Work task » All pictures are to be omitted while the lines starting at the line with "VIDEO: Η τρομακτική" and ending at the line with "スキルスラボでは、大学、病院" in the material below are retyped exactly, both ends included.

Materials provided »
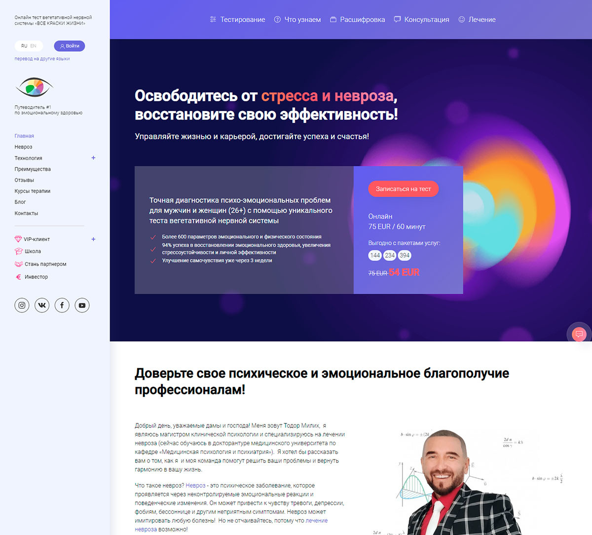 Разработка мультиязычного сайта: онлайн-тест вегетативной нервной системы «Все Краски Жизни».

...

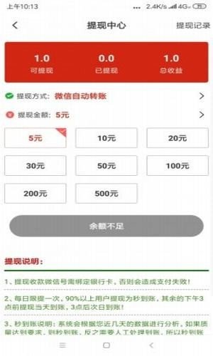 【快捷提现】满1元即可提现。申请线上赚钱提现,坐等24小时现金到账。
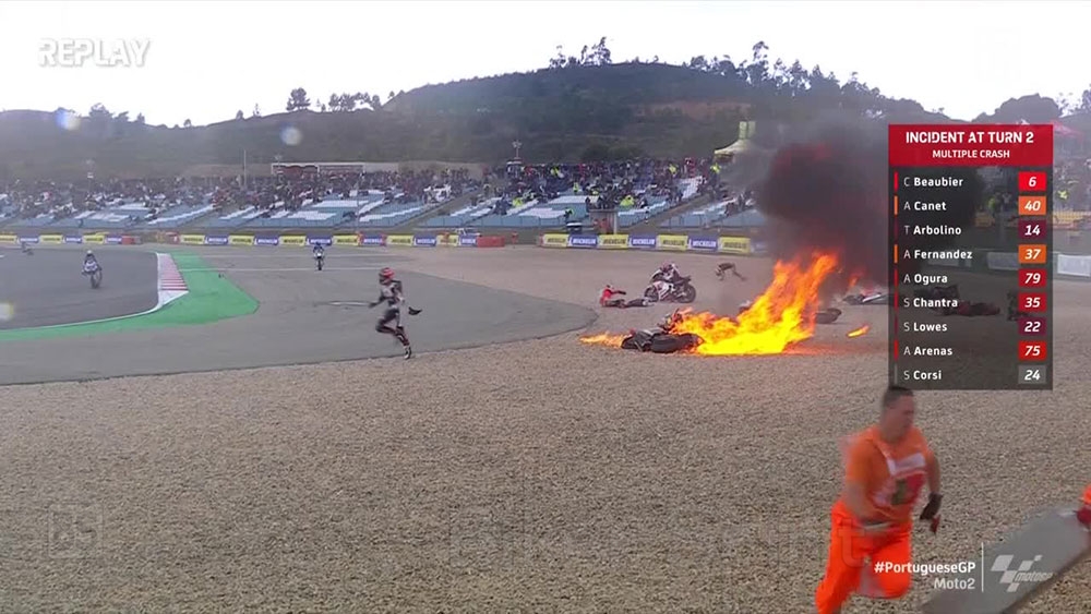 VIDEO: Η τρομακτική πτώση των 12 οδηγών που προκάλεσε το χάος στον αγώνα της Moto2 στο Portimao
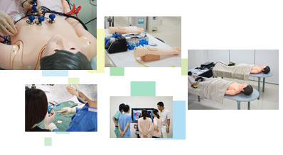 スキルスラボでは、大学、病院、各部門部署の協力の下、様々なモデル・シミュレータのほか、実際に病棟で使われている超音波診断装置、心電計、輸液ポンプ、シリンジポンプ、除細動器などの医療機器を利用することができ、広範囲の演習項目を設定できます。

* * *

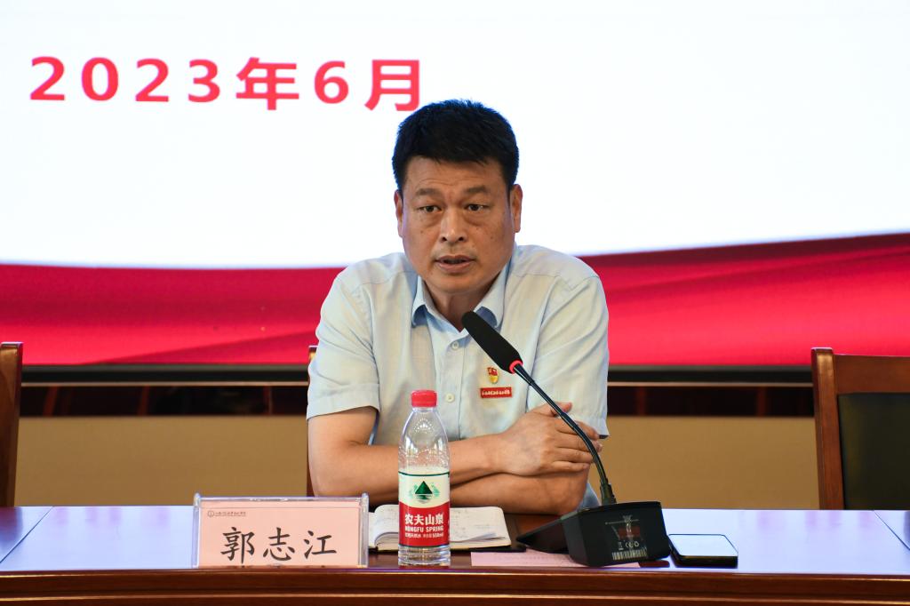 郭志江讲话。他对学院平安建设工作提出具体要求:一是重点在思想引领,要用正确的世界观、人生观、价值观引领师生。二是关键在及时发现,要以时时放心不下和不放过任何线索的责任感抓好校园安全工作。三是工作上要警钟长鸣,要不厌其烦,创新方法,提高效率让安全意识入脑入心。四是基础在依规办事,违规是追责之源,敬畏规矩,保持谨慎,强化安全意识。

Solution »
 VIDEO: Η τρομακτική πτώση των 12 οδηγών που προκάλεσε το χάος στον αγώνα της Moto2 στο Portimao
 スキルスラボでは、大学、病院、各部門部署の協力の下、様々なモデル・シミュレータのほか、実際に病棟で使われている超音波診断装置、心電計、輸液ポンプ、シリンジポンプ、除細動器などの医療機器を利用することができ、広範囲の演習項目を設定できます。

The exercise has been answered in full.